It seems every few months somebody brings this topic up and we beat it again. Perhaps we should have a sub-forum filled with stickies of 'dead horse' threads. Let me take a stab at beating this one to death.
In reality this is simply one variation on a technique that has been used for many decades in many domains. VLBI, direction finding, interference cancellation and directional antennas are common examples. In fact it wasn't uncommon to assemble arrays of TV antennas to improve fringe reception not that long ago. That was easily accessible to hobbyists because the wavelengths were long enough that RF combining was practical. Things are a little different at 12 GHz, compared to 200 MHz.
I have argued a number of times that this technique is for the most part economically irrelevant to FTA. That does not mean it would be impossible to do, just far more expensive than putting up a bigger dish, which is what I think brings most people to the topic on this forum.
However I suppose there could be some situations where someone might legitimately consider it. If you have HOA or government rules stopping you from putting up an adequate sized dish, you would have few other choices. This also turns out to be an incredibly selective way of canceling interference from adjacent orbital positions. While bigger dishes typically address this more economically, it still could be a reason to consider this. As the mini-BUDers have found, there is often a lot of signal in a C-band footprint, but adjacent satellite interference cannot be addressed with a single small dish.
So to clear up misconceptions, I thought I would review a bit of the theory. To start with, lets look at a 12 GHz signal. We could do C-band, but the result ends up about the same. A 12 GHz signal has a wavelength of 2.5cm. If we want to have maximum combining efficiency, let's try to add the signals within 5 degrees of phase of one another. That would be within about 0.35mm of path difference at RF. Not very easy.
However if we use a stable frequency source we could use true PLL LNBs from more than one dish to take this down to around 1 GHz. Stable frequency sources are pretty easy to come by. A few years ago I picked one up for $10 surplus and only had to make some minor fixes to the oven drive circuitry. After that I could lock it to WWVB with a simple but extremely long time constant PLL and it would hold better than 1 part in 10^12 (1 second in 30000 years). True PLL LNBs are not cheap, however.
What does this buy us? Well, phase is what is important, not frequency. That's one reason why WWVB, which broadcasts at only 60 kHz, can be used to make such incredibly accurate adjustments to a frequency source. At 1 GHz, a 5 degree phase error is about 4.2mm. That's starting to look possible, but probably not practical for the hobbyist to trim cables. However if you had an analog phase shifter that worked at this frequency, that might be good enough.
It's also important to note that the paths from each PLL LNB don't need to be exactly the same length, but only be in phase, unless the path differences start to become a major fraction of a symbol. If we take a SR of 30000, the wave length is 10m. Applying our stringent 5 degree criteria, we need the maximum path length difference to be less than 14cm. Not a big deal.

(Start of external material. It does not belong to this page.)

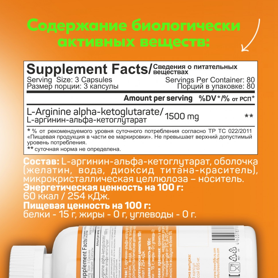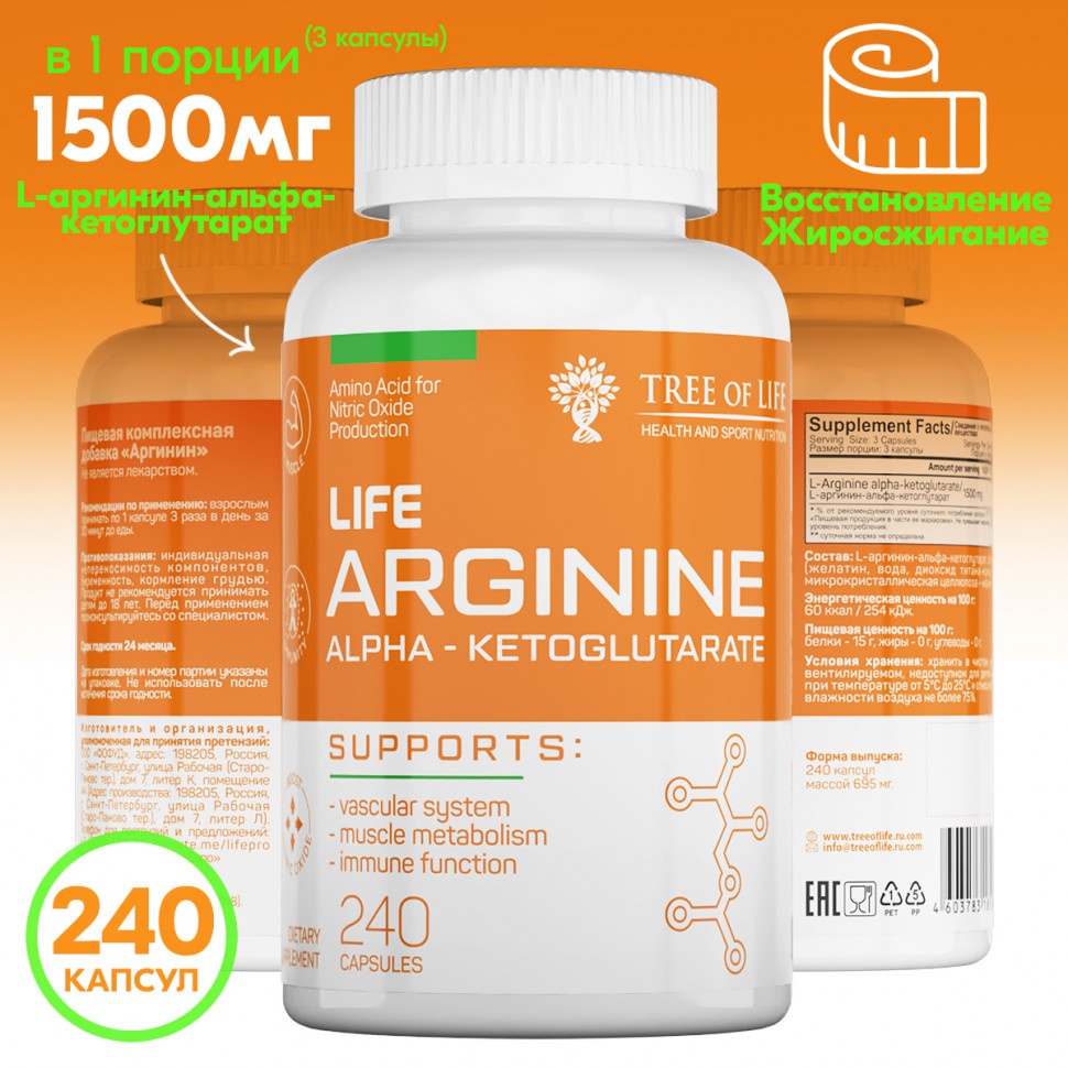 Интернет-магазин Body-Pit.Life предлагает купить Аминокислота Life Arginine Alfa-Ketoglutarate 240 капсул в Барнауле.
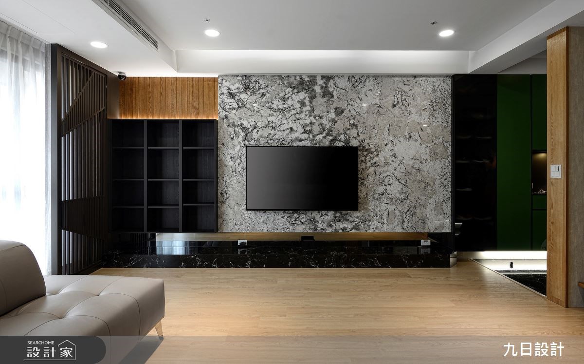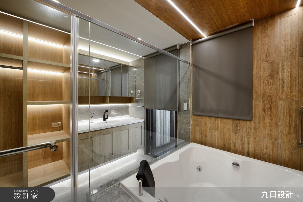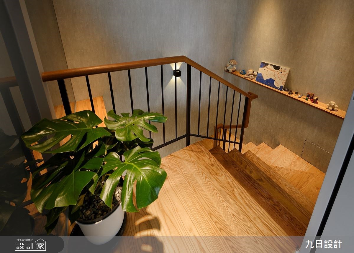 在樓梯逐步完成之後,設計師才可以著手進行二樓的空間改造,而在梯間的牆面上,設計師選擇了展示層架去擺放公仔,為居家增添一絲童趣。二樓空間透過石紋電視牆,劃分出起居室和主臥,讓夫妻倆可以在起居室跟小孩玩耍,累了回到房間休息,冬天還可以泡進溫暖的浴缸熱水裡,享受愜意的私密時光。

Since we're heading the right direction, let's mix and filter the LNB outputs in the comfort of our home with a generator, say at 950 MHz and also locked to our reference. Now the signals will only have to be within a phase difference of 8.4cm because the IF is 50 MHz. I could trim cables to do that, but would need a way to vary this for different signals. We also have to compensate gain, but that's not very hard. At this point the signals could be easily combined in a number of ways. Mix the result with our 950 MHz generator and we're back to 1 GHz and the input of a standard FTA receiver.
None of this would be easy, but a well motivated hobbyist with a good understanding of the theory could likely do this for less than $2000, and perhaps half of that, with careful selection of surplus equipment and finds on eBay. You might have to buy the LNBs new. Still people here buy receivers at around $400 fairly frequently, so we're not totally out of the ballpark.
I've glossed over the details, but commonly available equipment could do this. It just costs. You don't have to do this at the LNB. You don't need to get down to 5 degrees for useful combining. And if you did this digitally, you could obviate many of the complexities and compensate in software. I'm not encouraging anyone to do this, and still believe there are easier solutions in most cases. But it is possible. For most cases, use a bigger dish.